Work a little bit more on ignoring toys in different locations, and use different kinds of toys. Really break it down so the dog can be successful. Also be sure you're practicing with a few different types of cones on the ground, so your dog can learn to ignore them.

Dog Goes up to Judge/Ring Gate/Otherwise Distracted

Sometimes our dogs get distracted. Maybe they'll visit the judge, or maybe they will start sniffing the ground, or perhaps they will turn and stare at the working dog in the other ring. Perhaps the dog doesn't understand his/her job, or maybe they are feeling a bit stressed and disconnected. Maybe the handler is acting like a nervous blubbering stranger, and the dog is not sure how to deal with it. There are a lot of reasons that our dog gets distracted in the ring, and it happens to even the best of us.

There are several steps that you can take to minimize the chance of your dog becoming distracted in the ring, but the simple truth is we can't train for everything. Sometimes things will happen that we couldn't possibly predict, and we have to roll with it.
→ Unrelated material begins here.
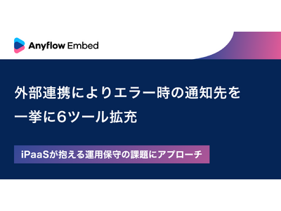 Anyflow株式会社(本社:東京都千代田区、代表取締役CEO:坂本 蓮、以下Anyflow)は、SaaS事業者向けのAPI連携プラットフォーム「Anyflow Embed」について、通知機能を拡張し一挙に6ツールに通知を送れるようになったことをお知らせいたします。

When your dog gets distracted in the ring, think about why it happened. Then decide if it's likely that same distraction will happen again at a future trial. If it is likely to happen again, come up with a training plan! If the chances of it happening again are pretty slim, then don't worry about it.

Be sure your dog is adequately prepared to trial. Have you been to several new locations? Have you had strange judges in the ring? Have you practiced with people sitting right outside the gates watching you? When you practice in these scenarios, is your dog confident and happy? If the answer to any of these questions is no, you're not ready to trial, so get out there and expose your dog to new places and people! Most examples of disconnection from your dog is inadequate training.

Handler Turned the Wrong Way or Messes Up Sign

Oh no, you were supposed to do a 270 right and you turned left! What do you do? If you realize it right away (perhaps you're staring at the ring gate with nowhere to go!) then look at the judge, say "redo" and take a few steps away and approach the sign again. You will lose 3 points for the redo.

With direction changes you're going to figure out pretty quickly that you turned the wrong way, because the course won't make sense, so for most of those mistakes you will just redo the direction change. But if you messed up another type of sign (maybe you cued your dog to sit instead of heel forward) you can handle it the same way if you realize it right away. Look at the judge, say "redo," take a few steps back and approach the sign again. If you realize later that you messed up a sign, just keep going. You'll lose 10 points for an Incorrect Performance but as long as you attempted the sign it will not be an NQ.

Dog Took Jump Out of Order

It happens - you're doing a fast right past the jump and your dog sails over the jump instead of staying in heel position. If this happens, get your dog back to heel and keep going! You will lose 1-2 points for being out of position, but in the grand scheme of things, it's no big deal!

Please remember that we are only human and our dogs are only dogs! Sometimes things go wrong, regardless of how well-prepared we are or how well-trained our dogs are. Never forget that you're taking home the best dog in the trial, regardless of how your ring experience went!